▶ **To do**: Among the entries below, find the line with "Le Titre Du" and the line with "Karauli (31 km)". Return exactly those lines and every line between them, but no pictures.

▶ **Exercise inputs**:
□ □ □ □ □

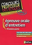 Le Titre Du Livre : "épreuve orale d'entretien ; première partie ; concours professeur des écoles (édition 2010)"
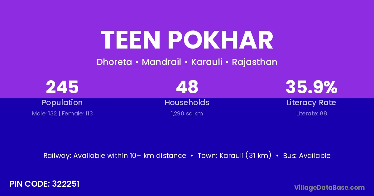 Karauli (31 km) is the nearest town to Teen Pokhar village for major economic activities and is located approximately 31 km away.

□ □ □ □ □

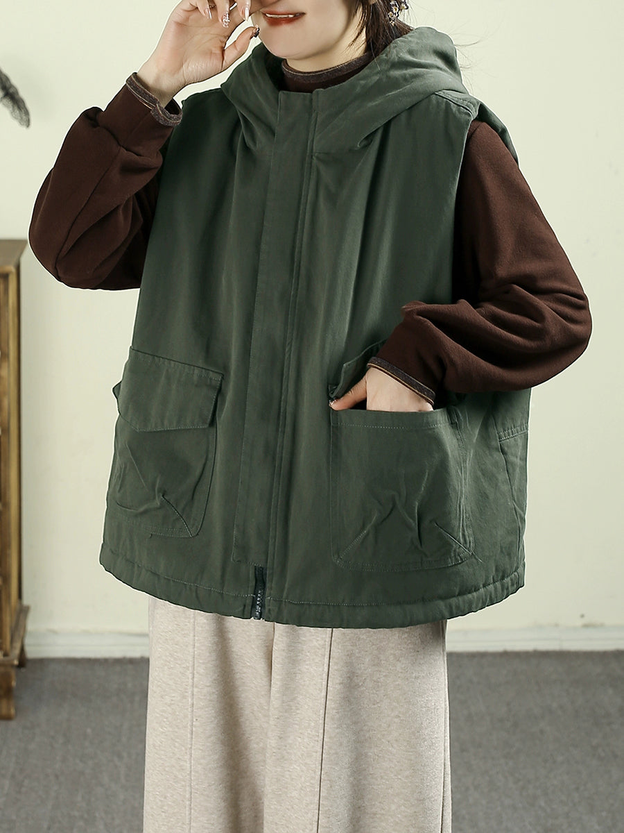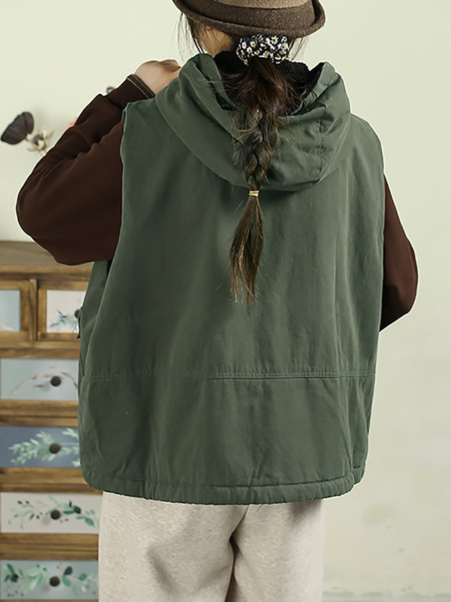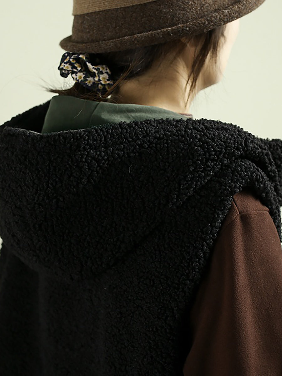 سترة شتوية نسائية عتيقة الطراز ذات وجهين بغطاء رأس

□ □ □ □ □

▶ **Response for this exercise**:
 Le Titre Du Livre : "épreuve orale d'entretien ; première partie ; concours professeur des écoles (édition 2010)"
 Karauli (31 km) is the nearest town to Teen Pokhar village for major economic activities and is located approximately 31 km away.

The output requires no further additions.